The operative terms introduced here are “dwarfed” as in transcended, topped. “Eclipsed” is even better.
Now, about eclipsed not being disruption of a kind? Isn’t it, in fact, the purest form of disruption. The insurgent’s army simply bypasses the incumbent’s castle. Like the Wehrmacht bypassed the Maginot Line. Or like jets trumped tanks.
It is about entrenchment, isn’t it? We make commitments to certain behaviors, procedures, processes, services and necessarily our choices close the door on alternatives. Choices harrow alternatives, by definition. Isn’t it, then, silly to imagine we can avoid being eclipsed?
Or is it, maybe, how we understand our choice? If Apple, for instance, is committed to “the best computers for the rest of us,” then all the forms of computer it produces fit, from watch to Mac.
Isn’t mission is the quintessential issue?
Loved the google discussion and I really look forward to new posts every week.

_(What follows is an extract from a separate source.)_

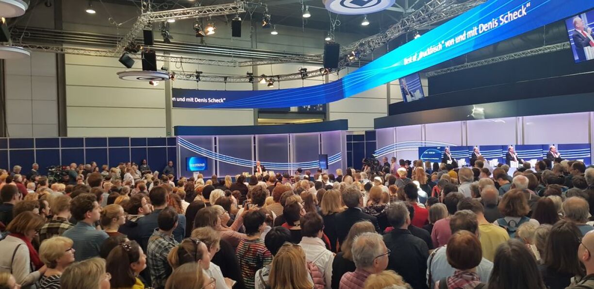 Éischt Lektioun: besser online accreditéieren, soss leefs de wéi en Hong ouni Kapp vun Hal zu Hal ier s de, no enger Véierelstonn, endlech de Pressezentrum fënns. Virun der Bühn vum ARD-Forum kludderen e puer honnert Sebastian-Fitzek-Fans uneneen. De Star-Auteur, dee vrun zwou Wochen zu Lëtzebuerg war, stellt nämlech grad säin drockfrëscht Sachbuch fir Kanner vir: “Fische, die auf Bäume klettern”.
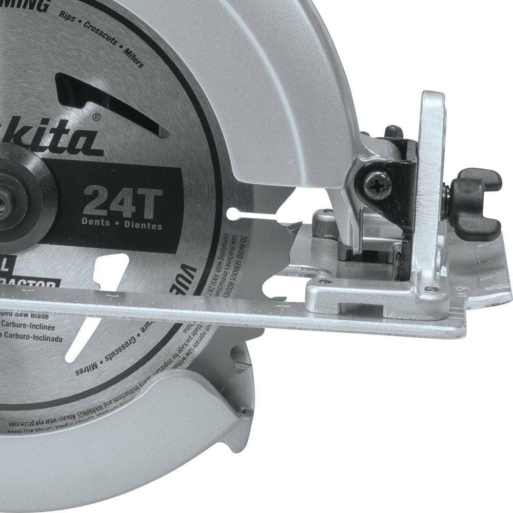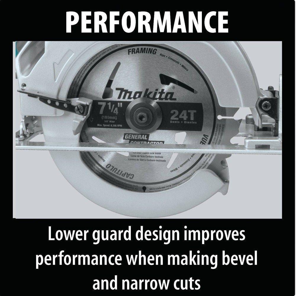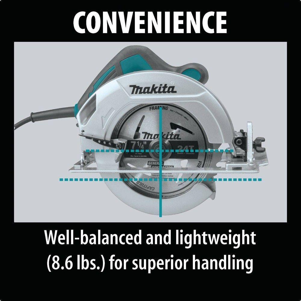 Makita engineered the 7-1/4 in. Circular Saw (model HS7600) with pro framers in mind, combining power and performance with ease-of-use features, superior balance, less weight and job site durability. The HS7600 is a more compact saw that is ideal for a range of framing and cutting applications. The HS7600 has a powerful 10.5 Amp motor and weighs only 8.6 lbs. for a high power-to-weight ratio. It has a heavy gauge aluminum wraparound base engineered for improved durability and straighter cuts. The large cutting capacity (2-1/2 in. at 90°, 1-5/84 in. at 45°) with a maximum bevel capacity of 0°-45° is ideal for most common angles. Ease of use features include easy-to-read markings on the depth and bevel scales, on-board blade wrench and a flat motor housing design for stability when changing the blade. The lower guard design improves performance when making bevel and narrow cuts. The HR7600 includes a Makita 7-1/4 in. 24T Framing Blade delivers faster, cleaner cuts. The carbide tips are specifically set to withstand the harshest conditions such as plowing through nail-embedded wood. The HR7600 is engineered for framing walls, siding, roofs and floors using a range of dimensional lumber and engineered lumber including OSB, LVL, PSL, plywood and more. It is ideal for framers, builders, masons, carpenters and general contractors seeking a best-in-class 7-1/4 in. circular saw with less weight and superior balance.

While a point was made that Google (as a company) will be dwarfed, reasons were not discussed in very much detail as to why. Considering Google (as a company) is different then google as a search + ad product, what limits Google (as a company) in equally succeeding in the world of native advertising?
One point is “conflict” between owning content and owning search, (may be a weak parallel from Microsoft – owning OS and owning browser) that might lead to potential anti-trust issues. But how much search bias a native ad platform needs/can be leveraged at Google before running afoul of anti-trust is debatable.
Do you think that search business is really all that much conflicting with other content businesses? If so, why? What about Youtube?